▶ [Work to be completed] From the first line of the data through the line containing "生地の表面をならし、保温モードまたはスチームモードで約30分発酵させます。", return each line exactly.

Record extracts START

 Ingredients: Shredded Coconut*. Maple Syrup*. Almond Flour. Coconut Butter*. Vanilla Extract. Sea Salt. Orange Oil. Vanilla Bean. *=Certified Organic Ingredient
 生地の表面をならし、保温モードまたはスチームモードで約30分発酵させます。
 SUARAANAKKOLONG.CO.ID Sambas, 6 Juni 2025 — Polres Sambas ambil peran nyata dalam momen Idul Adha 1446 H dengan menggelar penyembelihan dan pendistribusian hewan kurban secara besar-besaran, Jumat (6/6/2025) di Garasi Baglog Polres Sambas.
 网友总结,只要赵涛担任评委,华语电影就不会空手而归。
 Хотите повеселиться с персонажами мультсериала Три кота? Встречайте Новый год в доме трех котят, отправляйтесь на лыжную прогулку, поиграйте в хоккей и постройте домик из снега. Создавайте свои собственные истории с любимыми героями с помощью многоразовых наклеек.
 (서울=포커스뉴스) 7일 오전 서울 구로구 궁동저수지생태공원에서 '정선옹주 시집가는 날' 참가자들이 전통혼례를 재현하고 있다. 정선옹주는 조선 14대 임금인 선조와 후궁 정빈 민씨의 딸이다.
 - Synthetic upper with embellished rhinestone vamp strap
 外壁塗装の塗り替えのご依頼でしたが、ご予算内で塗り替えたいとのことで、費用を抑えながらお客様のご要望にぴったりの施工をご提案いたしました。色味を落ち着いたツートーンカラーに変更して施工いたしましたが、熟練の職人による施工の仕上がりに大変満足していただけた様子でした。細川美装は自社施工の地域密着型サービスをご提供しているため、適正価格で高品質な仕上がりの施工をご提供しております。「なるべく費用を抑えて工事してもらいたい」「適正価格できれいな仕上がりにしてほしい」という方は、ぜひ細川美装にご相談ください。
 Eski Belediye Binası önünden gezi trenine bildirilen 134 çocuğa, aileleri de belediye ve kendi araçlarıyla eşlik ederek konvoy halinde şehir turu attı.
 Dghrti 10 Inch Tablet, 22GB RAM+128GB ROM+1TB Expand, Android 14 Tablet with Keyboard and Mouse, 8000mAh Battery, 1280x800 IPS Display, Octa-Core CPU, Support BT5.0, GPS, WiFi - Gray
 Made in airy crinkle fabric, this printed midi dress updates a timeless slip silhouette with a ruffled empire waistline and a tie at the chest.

Record extracts END

▶ [Result of the task]
 Ingredients: Shredded Coconut*. Maple Syrup*. Almond Flour. Coconut Butter*. Vanilla Extract. Sea Salt. Orange Oil. Vanilla Bean. *=Certified Organic Ingredient
 生地の表面をならし、保温モードまたはスチームモードで約30分発酵させます。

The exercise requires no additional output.